Montreal Gazette

GALCHENYUK LIVING LIFE WITH ‘NO REGRETS’ AT 24

In his sixth season, Habs forward leads 2012 draft class in points, games played

- STU COWAN scowan@postmedia.com twitter.com/ StuCowan1

Alex Galchenyuk has no memory of the first time he put on skates, but does know how old he was.

“I started skating when I was one year and eight months,” Galchenyuk said after the Canadiens practised Monday morning in Brossard. “That’s when my dad put me on skates. Crazy. Everybody remembers their first time skating … I don’t remember that. All my life I just remember playing hockey.”

Galchenyuk celebrated his 24th birthday Monday and has already played six seasons in the NHL. When asked if he feels older than 24 because of his life experience­s on and off the ice, Galchenyuk said: “I don’t know. I don’t think about it too much.
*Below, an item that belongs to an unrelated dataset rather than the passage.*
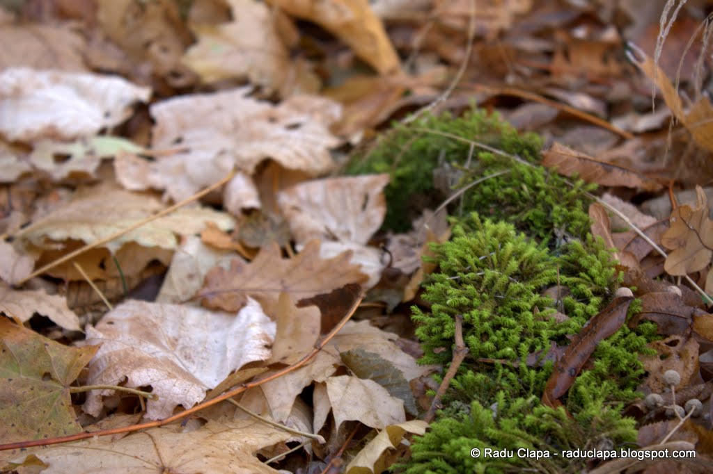 Ceața se mai risipise, dar atmosfera era încă încărcată de vapori și cerul era cenușiu. Aici, la 314m altitudine, când ceasul arăta ora 11.49 am găsit primele semne că suntem totuși la munte.

I was fortunate to start in the NHL at 18 years old and already play for six years. Sure I’ve seen a lot, but at the same time 24 is nothing yet.”
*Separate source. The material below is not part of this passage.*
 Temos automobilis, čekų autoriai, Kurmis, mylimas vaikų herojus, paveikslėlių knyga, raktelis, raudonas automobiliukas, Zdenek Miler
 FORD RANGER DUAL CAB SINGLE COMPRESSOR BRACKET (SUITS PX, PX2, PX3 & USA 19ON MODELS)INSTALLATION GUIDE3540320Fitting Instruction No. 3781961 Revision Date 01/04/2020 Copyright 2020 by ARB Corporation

Galchenyuk has 12 goals and 20 assists in 55 games this season — including four assists in the last four games — and is a team-worst minus-27. When Canadiens general manager Marc Bergevin selected Galchenyuk with the No. 3 pick at the 2012 draft — his first as the team’s GM — he was supposed to be the No. 1 centre of the future. That hasn’t happened and Bergevin and coach Claude Julien both made it clear before the start of this season they don’t believe Galchenyuk can play centre in the NHL and they have stuck to that mindset.
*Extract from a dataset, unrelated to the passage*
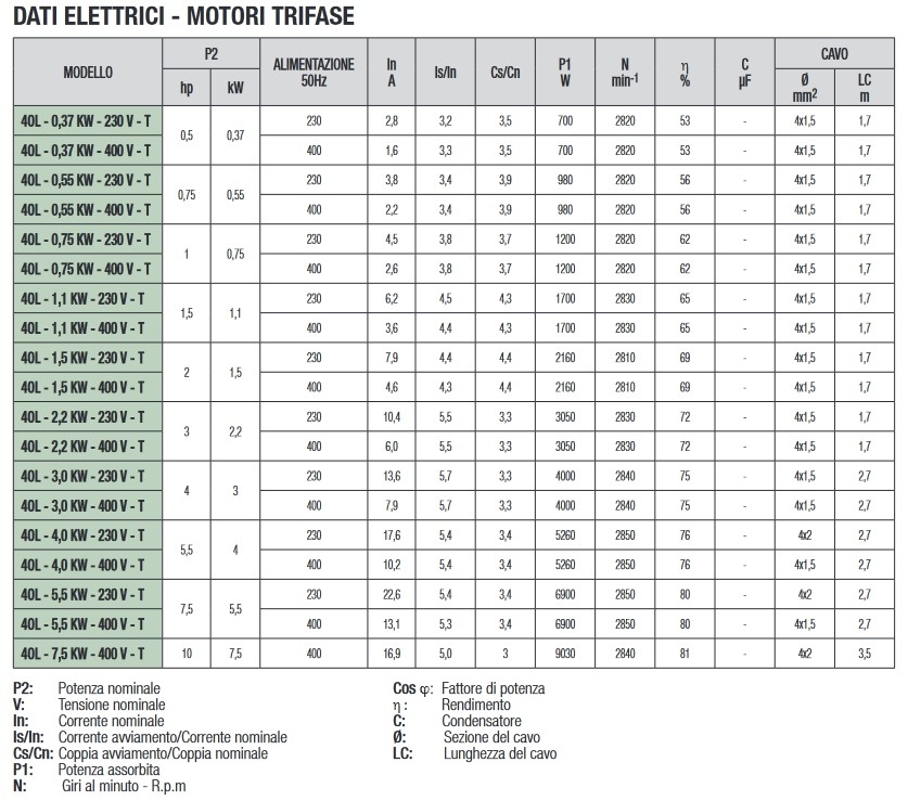 Motore Fluidi Sommerso Elettrico 4" Asincrono A 2 Poli DAB 4OL - 1,5Kw - 400 V - T

Galchenyuk has played more games (391) and has more points (236) than any other player selected at the 2012 draft and his 101 goals are second only to the Nashville Predators’ Filip Forsberg, who has 107 goals in 304 games.

Valentine’s Day will mark the first anniversar­y of Julien taking over from Michel Therrien as coach and Galchenyuk has been somewhat of a project for him since then.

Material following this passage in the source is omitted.